> [DATA FOR THE TASK]:
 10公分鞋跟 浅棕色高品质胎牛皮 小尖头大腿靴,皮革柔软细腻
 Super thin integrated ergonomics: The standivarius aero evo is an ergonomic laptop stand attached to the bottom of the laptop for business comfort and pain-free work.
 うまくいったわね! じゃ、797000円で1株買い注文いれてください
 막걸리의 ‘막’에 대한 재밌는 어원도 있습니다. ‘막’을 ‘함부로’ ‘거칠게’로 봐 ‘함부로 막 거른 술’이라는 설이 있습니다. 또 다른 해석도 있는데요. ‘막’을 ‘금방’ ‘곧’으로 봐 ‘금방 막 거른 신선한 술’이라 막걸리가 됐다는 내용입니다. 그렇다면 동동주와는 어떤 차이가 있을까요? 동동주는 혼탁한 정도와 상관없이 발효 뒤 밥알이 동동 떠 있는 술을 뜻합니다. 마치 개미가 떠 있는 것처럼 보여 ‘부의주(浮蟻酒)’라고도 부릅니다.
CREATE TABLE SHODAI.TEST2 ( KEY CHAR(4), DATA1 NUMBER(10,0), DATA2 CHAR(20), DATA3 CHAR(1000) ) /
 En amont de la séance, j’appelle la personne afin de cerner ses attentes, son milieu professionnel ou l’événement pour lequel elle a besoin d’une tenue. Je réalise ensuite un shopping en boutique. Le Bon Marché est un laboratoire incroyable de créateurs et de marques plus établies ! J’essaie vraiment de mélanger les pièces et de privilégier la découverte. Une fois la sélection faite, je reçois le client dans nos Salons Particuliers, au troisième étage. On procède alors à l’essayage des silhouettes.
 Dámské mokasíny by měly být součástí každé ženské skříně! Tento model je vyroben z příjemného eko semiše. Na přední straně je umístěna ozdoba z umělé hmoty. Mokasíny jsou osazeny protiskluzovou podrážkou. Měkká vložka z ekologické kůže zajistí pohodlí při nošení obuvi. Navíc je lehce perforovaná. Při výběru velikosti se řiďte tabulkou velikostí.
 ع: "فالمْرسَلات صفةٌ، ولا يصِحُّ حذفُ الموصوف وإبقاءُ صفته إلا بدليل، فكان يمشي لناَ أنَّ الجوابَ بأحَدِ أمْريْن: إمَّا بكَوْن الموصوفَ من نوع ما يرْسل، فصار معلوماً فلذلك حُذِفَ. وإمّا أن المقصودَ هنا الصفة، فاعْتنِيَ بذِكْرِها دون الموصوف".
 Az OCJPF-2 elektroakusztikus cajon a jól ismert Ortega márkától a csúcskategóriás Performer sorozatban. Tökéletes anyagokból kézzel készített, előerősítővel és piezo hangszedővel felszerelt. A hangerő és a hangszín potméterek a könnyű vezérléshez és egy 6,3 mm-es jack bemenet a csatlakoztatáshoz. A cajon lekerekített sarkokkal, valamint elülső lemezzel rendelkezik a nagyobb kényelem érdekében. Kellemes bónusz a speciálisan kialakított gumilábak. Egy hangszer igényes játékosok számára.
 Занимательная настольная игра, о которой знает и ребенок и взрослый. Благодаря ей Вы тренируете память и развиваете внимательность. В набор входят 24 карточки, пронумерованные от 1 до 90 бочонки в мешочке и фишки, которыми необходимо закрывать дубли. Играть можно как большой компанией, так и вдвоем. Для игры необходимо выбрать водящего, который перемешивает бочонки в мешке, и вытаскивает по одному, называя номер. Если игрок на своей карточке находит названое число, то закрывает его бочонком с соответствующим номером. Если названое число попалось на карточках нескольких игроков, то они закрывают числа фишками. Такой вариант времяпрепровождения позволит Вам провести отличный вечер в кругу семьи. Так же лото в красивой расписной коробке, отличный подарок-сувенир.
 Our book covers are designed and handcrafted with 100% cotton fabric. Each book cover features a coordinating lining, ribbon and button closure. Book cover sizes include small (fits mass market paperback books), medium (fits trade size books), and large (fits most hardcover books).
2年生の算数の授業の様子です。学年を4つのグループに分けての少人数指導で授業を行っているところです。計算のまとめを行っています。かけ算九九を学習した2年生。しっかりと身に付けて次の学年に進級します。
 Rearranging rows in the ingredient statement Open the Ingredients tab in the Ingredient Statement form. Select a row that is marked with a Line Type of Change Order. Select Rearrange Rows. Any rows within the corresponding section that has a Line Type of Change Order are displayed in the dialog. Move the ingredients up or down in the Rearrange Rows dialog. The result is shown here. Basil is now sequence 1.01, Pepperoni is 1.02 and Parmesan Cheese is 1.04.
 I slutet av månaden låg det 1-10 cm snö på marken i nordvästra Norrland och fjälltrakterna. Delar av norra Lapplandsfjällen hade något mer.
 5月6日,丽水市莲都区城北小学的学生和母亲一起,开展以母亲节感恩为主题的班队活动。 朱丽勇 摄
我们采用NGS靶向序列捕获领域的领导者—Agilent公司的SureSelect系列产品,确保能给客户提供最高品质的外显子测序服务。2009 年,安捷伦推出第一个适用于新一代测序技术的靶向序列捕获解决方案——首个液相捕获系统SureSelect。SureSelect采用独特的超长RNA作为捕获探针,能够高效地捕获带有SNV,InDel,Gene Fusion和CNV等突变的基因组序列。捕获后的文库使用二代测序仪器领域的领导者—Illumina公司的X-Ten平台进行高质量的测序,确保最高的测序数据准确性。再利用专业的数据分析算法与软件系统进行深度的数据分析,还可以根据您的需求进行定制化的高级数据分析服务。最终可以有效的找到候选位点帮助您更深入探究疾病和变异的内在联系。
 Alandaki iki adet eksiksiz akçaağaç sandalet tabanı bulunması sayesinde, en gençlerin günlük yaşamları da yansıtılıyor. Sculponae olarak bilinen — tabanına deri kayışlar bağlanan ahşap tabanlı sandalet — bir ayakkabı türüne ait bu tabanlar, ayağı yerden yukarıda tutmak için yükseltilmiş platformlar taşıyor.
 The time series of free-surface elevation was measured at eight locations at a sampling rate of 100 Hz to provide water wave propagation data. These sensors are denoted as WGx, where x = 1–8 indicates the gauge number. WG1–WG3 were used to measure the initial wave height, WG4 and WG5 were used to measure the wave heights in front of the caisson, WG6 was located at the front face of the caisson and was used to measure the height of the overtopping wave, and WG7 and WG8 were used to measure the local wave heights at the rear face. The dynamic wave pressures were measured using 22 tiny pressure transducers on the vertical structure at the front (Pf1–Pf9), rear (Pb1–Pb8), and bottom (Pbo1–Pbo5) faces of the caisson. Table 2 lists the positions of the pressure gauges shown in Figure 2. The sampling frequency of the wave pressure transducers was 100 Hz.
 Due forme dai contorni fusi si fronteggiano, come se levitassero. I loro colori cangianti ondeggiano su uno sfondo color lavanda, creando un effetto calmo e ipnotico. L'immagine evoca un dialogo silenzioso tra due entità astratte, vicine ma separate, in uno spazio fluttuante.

> [YOUR INSTRUCTIONS]: Set down the data exactly.

> [TASK ANSWER]:
 10公分鞋跟 浅棕色高品质胎牛皮 小尖头大腿靴,皮革柔软细腻
 Super thin integrated ergonomics: The standivarius aero evo is an ergonomic laptop stand attached to the bottom of the laptop for business comfort and pain-free work.
 うまくいったわね! じゃ、797000円で1株買い注文いれてください
 막걸리의 ‘막’에 대한 재밌는 어원도 있습니다. ‘막’을 ‘함부로’ ‘거칠게’로 봐 ‘함부로 막 거른 술’이라는 설이 있습니다. 또 다른 해석도 있는데요. ‘막’을 ‘금방’ ‘곧’으로 봐 ‘금방 막 거른 신선한 술’이라 막걸리가 됐다는 내용입니다. 그렇다면 동동주와는 어떤 차이가 있을까요? 동동주는 혼탁한 정도와 상관없이 발효 뒤 밥알이 동동 떠 있는 술을 뜻합니다. 마치 개미가 떠 있는 것처럼 보여 ‘부의주(浮蟻酒)’라고도 부릅니다.
CREATE TABLE SHODAI.TEST2 ( KEY CHAR(4), DATA1 NUMBER(10,0), DATA2 CHAR(20), DATA3 CHAR(1000) ) /
 En amont de la séance, j’appelle la personne afin de cerner ses attentes, son milieu professionnel ou l’événement pour lequel elle a besoin d’une tenue. Je réalise ensuite un shopping en boutique. Le Bon Marché est un laboratoire incroyable de créateurs et de marques plus établies ! J’essaie vraiment de mélanger les pièces et de privilégier la découverte. Une fois la sélection faite, je reçois le client dans nos Salons Particuliers, au troisième étage. On procède alors à l’essayage des silhouettes.
 Dámské mokasíny by měly být součástí každé ženské skříně! Tento model je vyroben z příjemného eko semiše. Na přední straně je umístěna ozdoba z umělé hmoty. Mokasíny jsou osazeny protiskluzovou podrážkou. Měkká vložka z ekologické kůže zajistí pohodlí při nošení obuvi. Navíc je lehce perforovaná. Při výběru velikosti se řiďte tabulkou velikostí.
 ع: "فالمْرسَلات صفةٌ، ولا يصِحُّ حذفُ الموصوف وإبقاءُ صفته إلا بدليل، فكان يمشي لناَ أنَّ الجوابَ بأحَدِ أمْريْن: إمَّا بكَوْن الموصوفَ من نوع ما يرْسل، فصار معلوماً فلذلك حُذِفَ. وإمّا أن المقصودَ هنا الصفة، فاعْتنِيَ بذِكْرِها دون الموصوف".
 Az OCJPF-2 elektroakusztikus cajon a jól ismert Ortega márkától a csúcskategóriás Performer sorozatban. Tökéletes anyagokból kézzel készített, előerősítővel és piezo hangszedővel felszerelt. A hangerő és a hangszín potméterek a könnyű vezérléshez és egy 6,3 mm-es jack bemenet a csatlakoztatáshoz. A cajon lekerekített sarkokkal, valamint elülső lemezzel rendelkezik a nagyobb kényelem érdekében. Kellemes bónusz a speciálisan kialakított gumilábak. Egy hangszer igényes játékosok számára.
 Занимательная настольная игра, о которой знает и ребенок и взрослый. Благодаря ей Вы тренируете память и развиваете внимательность. В набор входят 24 карточки, пронумерованные от 1 до 90 бочонки в мешочке и фишки, которыми необходимо закрывать дубли. Играть можно как большой компанией, так и вдвоем. Для игры необходимо выбрать водящего, который перемешивает бочонки в мешке, и вытаскивает по одному, называя номер. Если игрок на своей карточке находит названое число, то закрывает его бочонком с соответствующим номером. Если названое число попалось на карточках нескольких игроков, то они закрывают числа фишками. Такой вариант времяпрепровождения позволит Вам провести отличный вечер в кругу семьи. Так же лото в красивой расписной коробке, отличный подарок-сувенир.
 Our book covers are designed and handcrafted with 100% cotton fabric. Each book cover features a coordinating lining, ribbon and button closure. Book cover sizes include small (fits mass market paperback books), medium (fits trade size books), and large (fits most hardcover books).
2年生の算数の授業の様子です。学年を4つのグループに分けての少人数指導で授業を行っているところです。計算のまとめを行っています。かけ算九九を学習した2年生。しっかりと身に付けて次の学年に進級します。
 Rearranging rows in the ingredient statement Open the Ingredients tab in the Ingredient Statement form. Select a row that is marked with a Line Type of Change Order. Select Rearrange Rows. Any rows within the corresponding section that has a Line Type of Change Order are displayed in the dialog. Move the ingredients up or down in the Rearrange Rows dialog. The result is shown here. Basil is now sequence 1.01, Pepperoni is 1.02 and Parmesan Cheese is 1.04.
 I slutet av månaden låg det 1-10 cm snö på marken i nordvästra Norrland och fjälltrakterna. Delar av norra Lapplandsfjällen hade något mer.
 5月6日,丽水市莲都区城北小学的学生和母亲一起,开展以母亲节感恩为主题的班队活动。 朱丽勇 摄
我们采用NGS靶向序列捕获领域的领导者—Agilent公司的SureSelect系列产品,确保能给客户提供最高品质的外显子测序服务。2009 年,安捷伦推出第一个适用于新一代测序技术的靶向序列捕获解决方案——首个液相捕获系统SureSelect。SureSelect采用独特的超长RNA作为捕获探针,能够高效地捕获带有SNV,InDel,Gene Fusion和CNV等突变的基因组序列。捕获后的文库使用二代测序仪器领域的领导者—Illumina公司的X-Ten平台进行高质量的测序,确保最高的测序数据准确性。再利用专业的数据分析算法与软件系统进行深度的数据分析,还可以根据您的需求进行定制化的高级数据分析服务。最终可以有效的找到候选位点帮助您更深入探究疾病和变异的内在联系。
 Alandaki iki adet eksiksiz akçaağaç sandalet tabanı bulunması sayesinde, en gençlerin günlük yaşamları da yansıtılıyor. Sculponae olarak bilinen — tabanına deri kayışlar bağlanan ahşap tabanlı sandalet — bir ayakkabı türüne ait bu tabanlar, ayağı yerden yukarıda tutmak için yükseltilmiş platformlar taşıyor.
 The time series of free-surface elevation was measured at eight locations at a sampling rate of 100 Hz to provide water wave propagation data. These sensors are denoted as WGx, where x = 1–8 indicates the gauge number. WG1–WG3 were used to measure the initial wave height, WG4 and WG5 were used to measure the wave heights in front of the caisson, WG6 was located at the front face of the caisson and was used to measure the height of the overtopping wave, and WG7 and WG8 were used to measure the local wave heights at the rear face. The dynamic wave pressures were measured using 22 tiny pressure transducers on the vertical structure at the front (Pf1–Pf9), rear (Pb1–Pb8), and bottom (Pbo1–Pbo5) faces of the caisson. Table 2 lists the positions of the pressure gauges shown in Figure 2. The sampling frequency of the wave pressure transducers was 100 Hz.
 Due forme dai contorni fusi si fronteggiano, come se levitassero. I loro colori cangianti ondeggiano su uno sfondo color lavanda, creando un effetto calmo e ipnotico. L'immagine evoca un dialogo silenzioso tra due entità astratte, vicine ma separate, in uno spazio fluttuante.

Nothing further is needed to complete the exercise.